**Information supplied**

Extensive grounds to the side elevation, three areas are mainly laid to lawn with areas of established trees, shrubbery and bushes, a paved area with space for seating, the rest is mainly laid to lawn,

---

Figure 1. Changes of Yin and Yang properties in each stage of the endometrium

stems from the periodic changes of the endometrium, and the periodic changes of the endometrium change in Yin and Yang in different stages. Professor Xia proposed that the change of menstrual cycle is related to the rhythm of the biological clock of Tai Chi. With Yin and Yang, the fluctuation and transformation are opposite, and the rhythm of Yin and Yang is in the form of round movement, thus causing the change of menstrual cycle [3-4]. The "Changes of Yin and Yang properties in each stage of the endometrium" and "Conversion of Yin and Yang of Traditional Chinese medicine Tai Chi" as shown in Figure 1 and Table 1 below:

**Your goal**
Find every line in the records that holds the word "stage", then state the count alone.

**Expected answer**
2